A recent study published in the Archives of Neurology finds a new link between diabetes mellitus (DM) and cognitive decline. According to researchers, older adults who have dementia, DM and poor glucose control show greater cognitive decline than those without DM, reports Senior Journal.
DM refers to both type 1 and 2 diabetes. Over time, the illness can lead to issues such as blindness, kidney failure and nerve damage. There are approximately 25 million people in the U.S. suffering from DM, according to MedicineNet.com.
Other studies have linked DM with dementia and Alzheimer's disease, but there have been debates about the validity of these studies. This most recent report adds weight to the argument that there is indeed a correlation between DM and cognitive decline among older adults.
Researchers from the University of California, San Francisco, and the San Francisco VA Medical Center examined a group of 3,069 adult men and women with an average of 74.2 years. Each participant completed the Modified Mini-Mental State Examinations and Digit Substitution Test several times over the course of a decade. These two tests helped determine the cognitive function of those taking part in the study.
In the first year of the study, just under a quarter of the participants had prevalent DM. Of the remaining 2,352 participants, 159 had developed DM by the time of a follow-up appointment with the researchers.
Patients who had prevalent DM at the beginning of the study showed lower scores than patients without the illness on both tests. DM patients' results continued to fall lower than their counterparts' over the course of the following nine years. Higher levels of hemoglobin A1c were also associated with lower test scores.

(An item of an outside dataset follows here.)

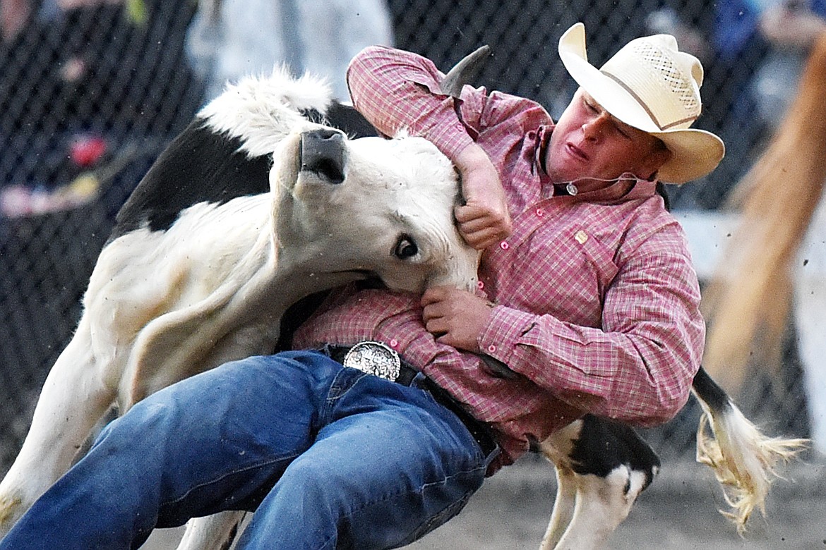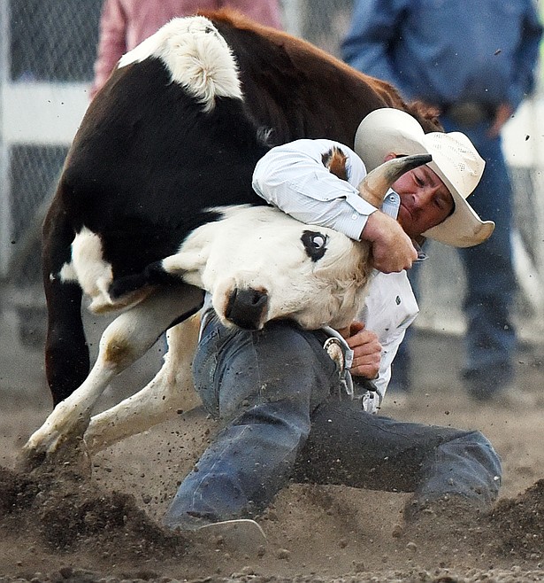 Ross Mosher, from Augusta, Montana, wrestles his steer to the ground during steer wrestling at the Northwest Montana Fair PRCA Rodeo at the Flathead County Fairgrounds on Saturday. (Casey Kreider/Daily Inter Lake)

DM is a disease that can be difficult to manage on its own, even for those who don't have dementia or Alzheimer's disease. Older adults who need assistance with their medical supplies and illness management may want to consider enlisting the help of elderly care professionals.
"This study supports the hypothesis that older adults with DM have reduced cognitive function and that poor glycemic control may contribute to this association," the authors wrote, according to Senior Journal. "Future studies should determine if early diagnosis and treatment of DM lessen the risk of developing cognitive impairment and if maintaining optimal glucose control helps mitigate the effects of DM on cognition."